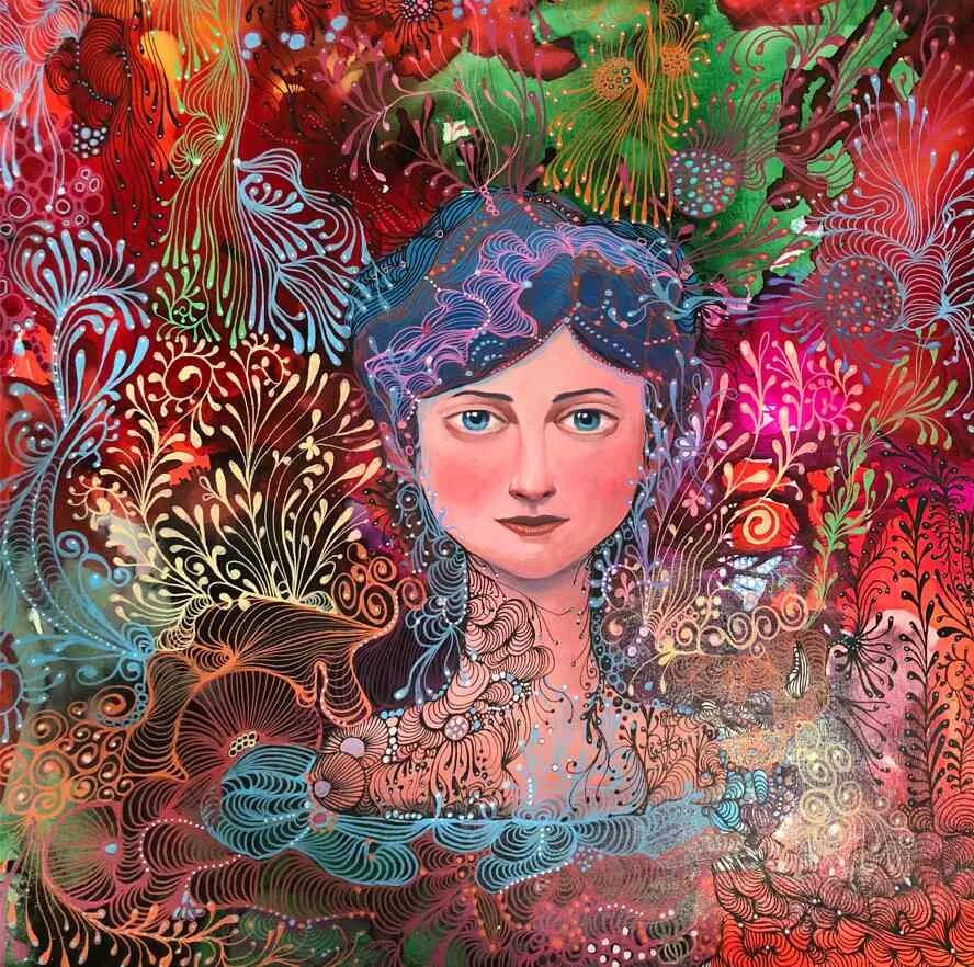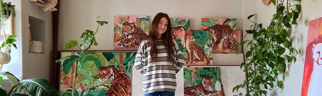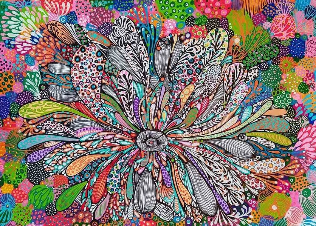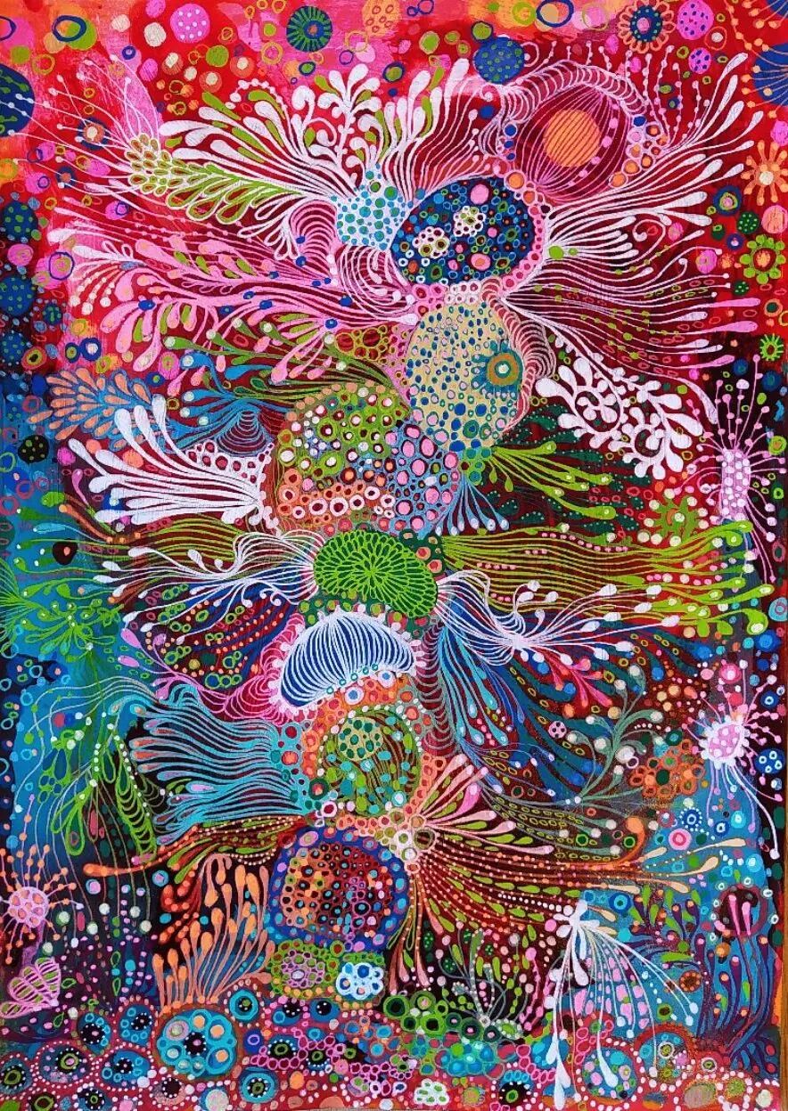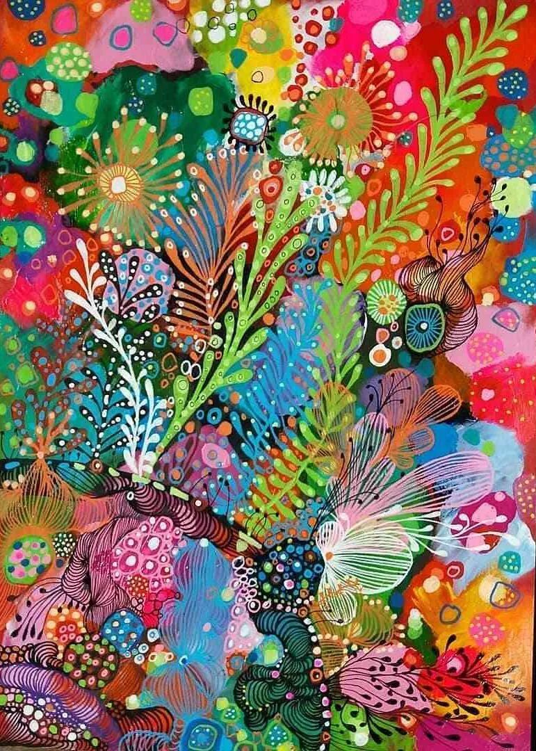 Noemi Ibarz的作品具有抽象性质,大量运用大自然与海洋生物的曲线造型,其中大部分灵感来自她对大海的热爱。她擅长结合有机线条、圆点和鲜明的色彩,欣欣向荣的生命被她化作象征式的符码,并融合清晰炫丽的色彩呈现,后来娴熟大胆地将人物、动物造型嵌入其中,充满活力也让观者心情愉悦,非常疗愈。
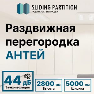 Раздвижная перегородка АНТЕЙ – Ширина 5000 мм – Высота 2800 мм – Звукоизоляция 44 дБ – Дверей 0
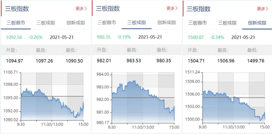 截至5月21日收盘,三板做市报1092.56点,下跌0.26%;三板成指报980.35点,下跌0.19%;三板创新报1500.87点,下跌0.34%。
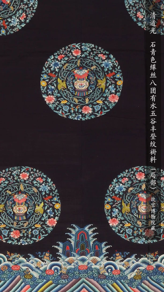 作为织绣品常见的纹饰种类,灯笼纹于宋代就已出现,至明清时期发展成多种形式,如梅花形、荷花形、银锭形、如意头形等,寓意“五谷丰登”“天下乐”。
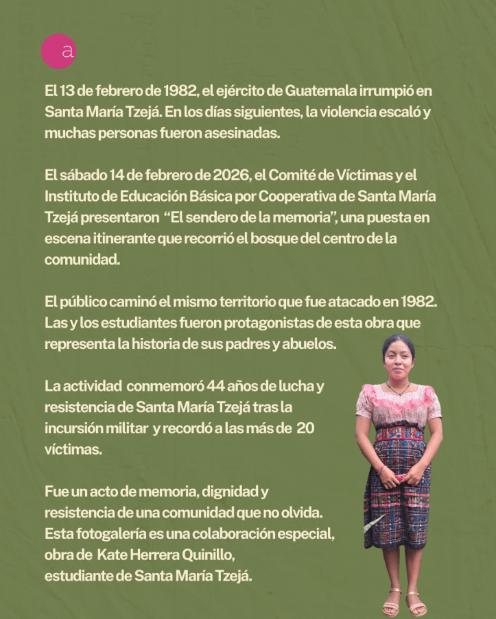 Cuarenta y cuatro años después, el 14 de febrero de 2026, la comunidad volvió a reunirse en ese mismo territorio. El Comité de Víctimas y el Instituto de Educación Básica por Cooperativa de Santa María Tzejá presentaron la obra itinerante “El sendero de la memoria”.
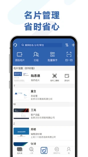 经纬名片通是BCC公司运营的专业商务工具,主要提供名片批量扫描、自动识别保存、精准信息录入等功能,同时还整合了商务社交和沟通工具。
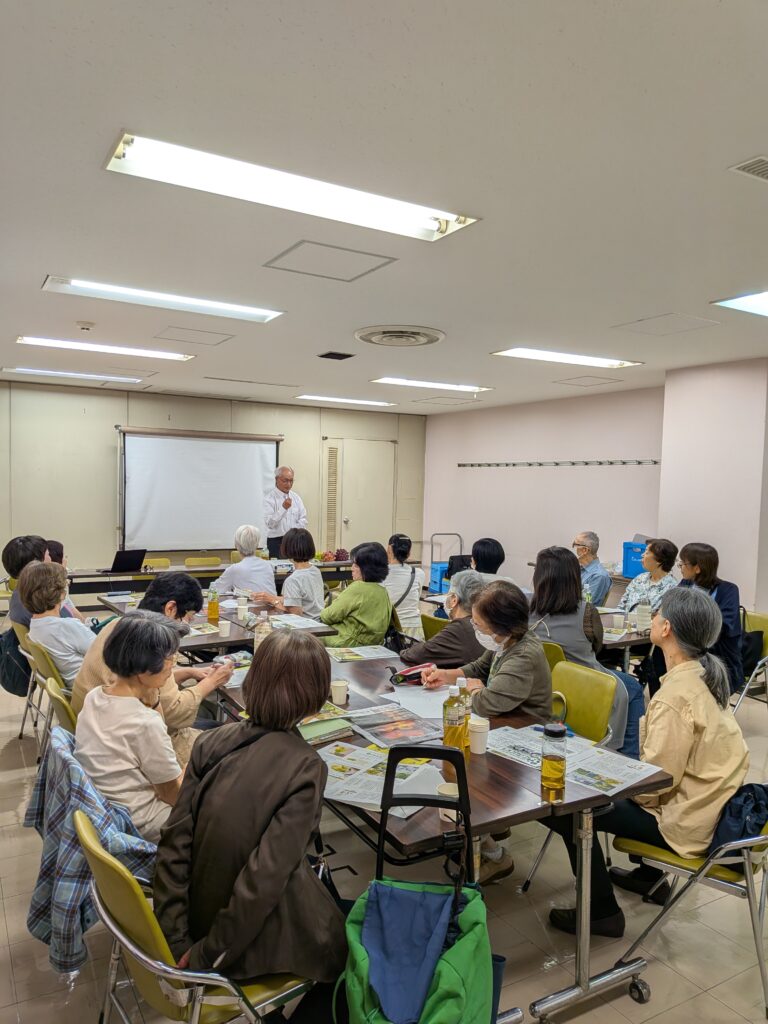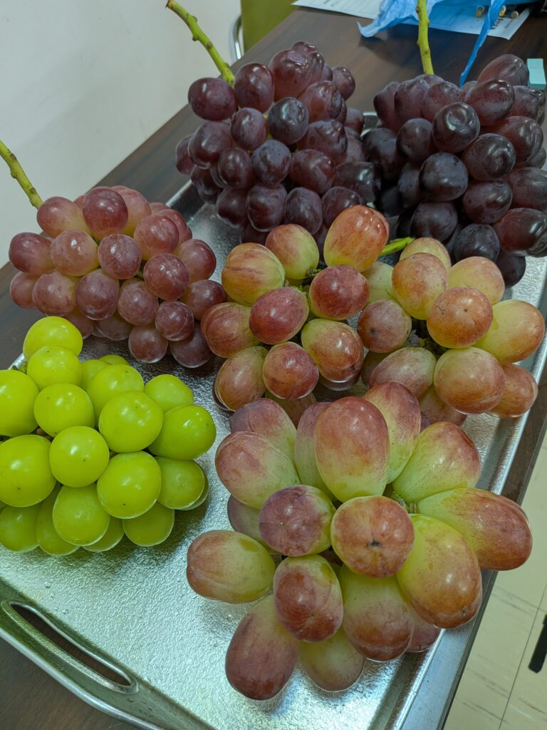 ㈲山形南陽のんのん俱楽部の鈴木秀男さんをお招きして、対話形式でお話を進めながら、シャインマスカットとシャインマスカットとのかけ合わせの新種、計4種類のぶどうをいただきました。
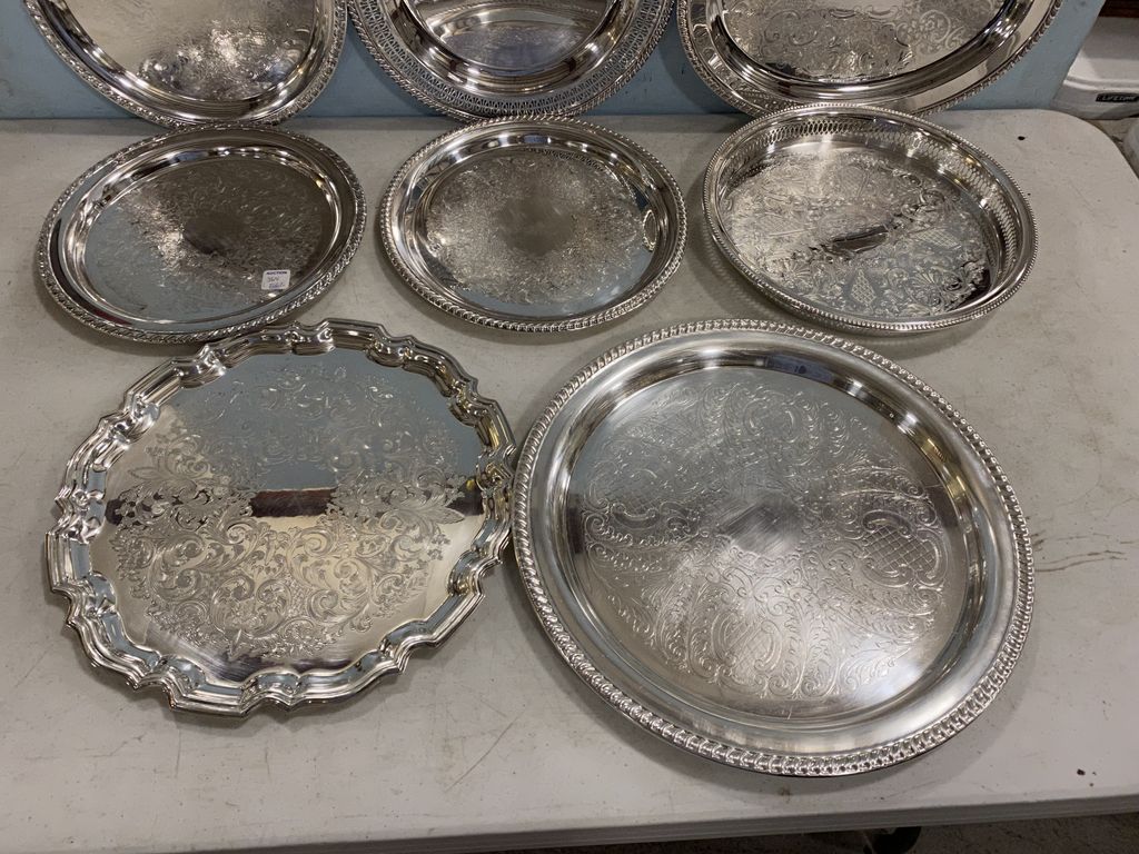 8 Silver Plate Serving Trays, good condition, round trays, oval tray. 8 Silver Plate Serving Trays, good condition, round trays, oval tray.

> [Exercise objective]:
Your copy should start at the line with "经纬名片通是BCC公司运营的", stop at the last line of the listing above, match exactly, and contain no pictures.

> [Solution to the problem]:
 经纬名片通是BCC公司运营的专业商务工具,主要提供名片批量扫描、自动识别保存、精准信息录入等功能,同时还整合了商务社交和沟通工具。
 ㈲山形南陽のんのん俱楽部の鈴木秀男さんをお招きして、対話形式でお話を進めながら、シャインマスカットとシャインマスカットとのかけ合わせの新種、計4種類のぶどうをいただきました。
 8 Silver Plate Serving Trays, good condition, round trays, oval tray. 8 Silver Plate Serving Trays, good condition, round trays, oval tray.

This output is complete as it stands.